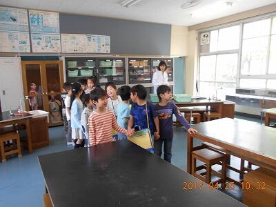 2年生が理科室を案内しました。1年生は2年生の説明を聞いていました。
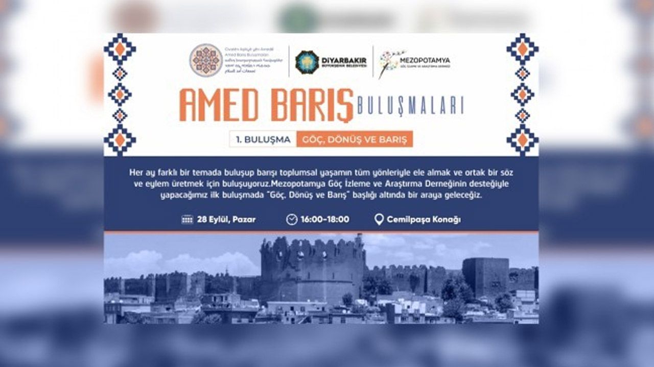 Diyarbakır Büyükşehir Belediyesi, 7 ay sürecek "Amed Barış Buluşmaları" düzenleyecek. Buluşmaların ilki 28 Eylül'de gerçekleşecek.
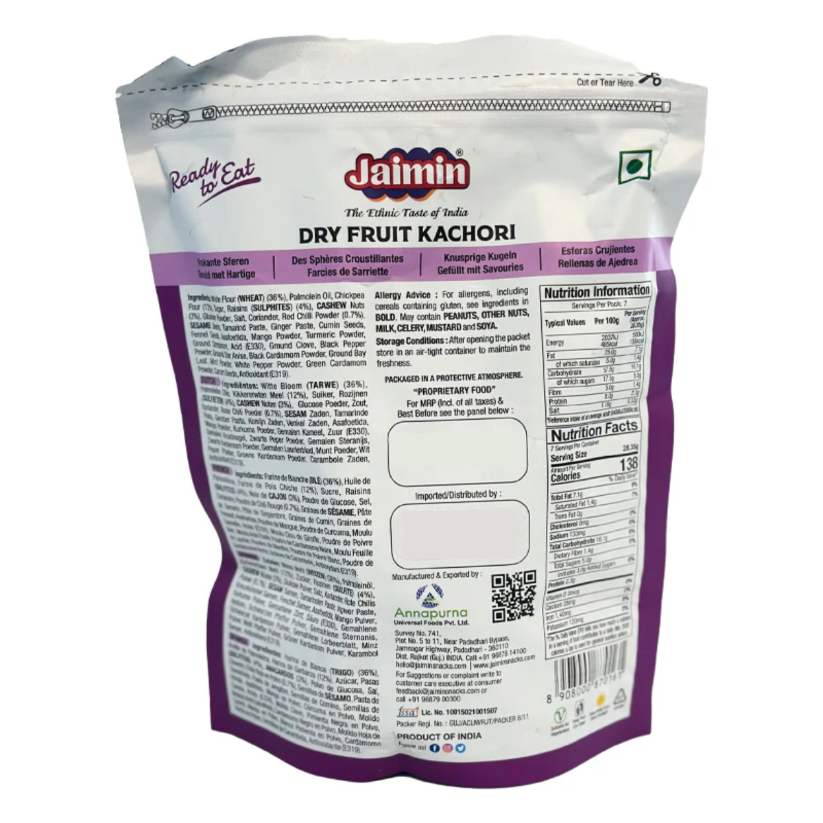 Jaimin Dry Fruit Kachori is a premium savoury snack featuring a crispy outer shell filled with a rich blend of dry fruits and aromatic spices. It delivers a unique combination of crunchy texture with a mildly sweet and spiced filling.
* * *
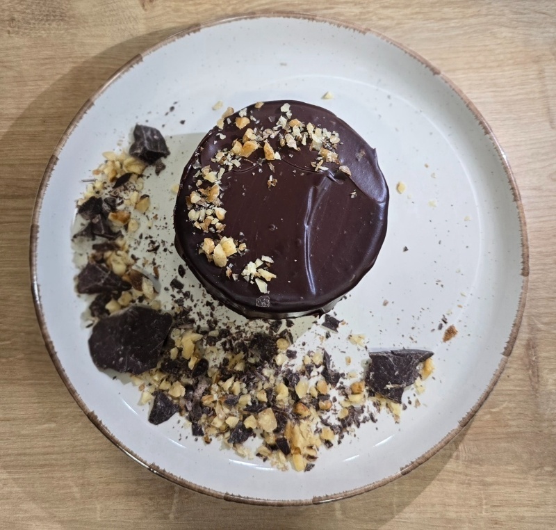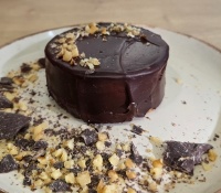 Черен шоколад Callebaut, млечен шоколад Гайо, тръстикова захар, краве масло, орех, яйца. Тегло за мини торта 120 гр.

Task prompt
From the listing above, restate verbatim the lines running from the one with "2年生が理科室を案内しました。1年生は2年生の説明を聞いていました。" through the one with "Jaimin Dry Fruit", inclusive, but not the pictures.

Written answer
 2年生が理科室を案内しました。1年生は2年生の説明を聞いていました。
 Diyarbakır Büyükşehir Belediyesi, 7 ay sürecek "Amed Barış Buluşmaları" düzenleyecek. Buluşmaların ilki 28 Eylül'de gerçekleşecek.
 Jaimin Dry Fruit Kachori is a premium savoury snack featuring a crispy outer shell filled with a rich blend of dry fruits and aromatic spices. It delivers a unique combination of crunchy texture with a mildly sweet and spiced filling.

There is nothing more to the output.